- _Directions_: What you give back from the listing below should be an exact copy of the lines from the one with "カメラ内に映った人物の顔情報" down to the one with "大码秋装新款温柔系带吊带背心套装女胖mm气质百搭开衫上衣两件套", and it should contain no pictures.

- _Input data_:

···

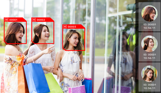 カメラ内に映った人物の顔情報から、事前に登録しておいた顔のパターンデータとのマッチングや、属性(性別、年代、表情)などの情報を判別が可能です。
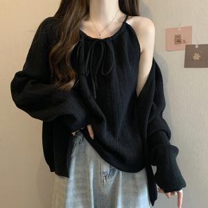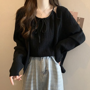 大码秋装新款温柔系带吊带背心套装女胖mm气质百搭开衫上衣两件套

···

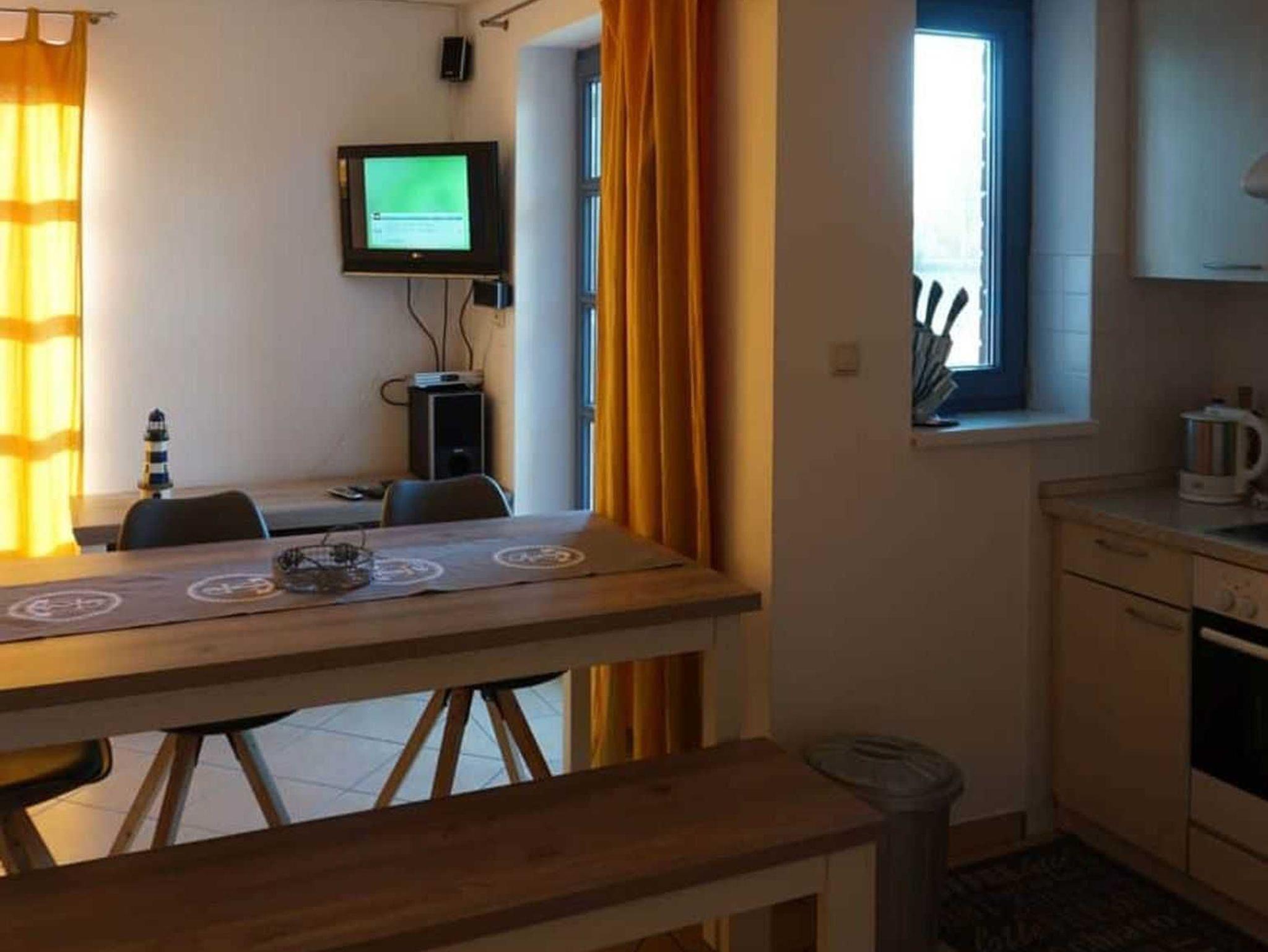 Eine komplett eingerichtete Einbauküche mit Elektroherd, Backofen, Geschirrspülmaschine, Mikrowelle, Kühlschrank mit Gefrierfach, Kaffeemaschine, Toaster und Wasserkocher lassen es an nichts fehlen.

···

- _Expected answer_:
 カメラ内に映った人物の顔情報から、事前に登録しておいた顔のパターンデータとのマッチングや、属性(性別、年代、表情)などの情報を判別が可能です。
 大码秋装新款温柔系带吊带背心套装女胖mm气质百搭开衫上衣两件套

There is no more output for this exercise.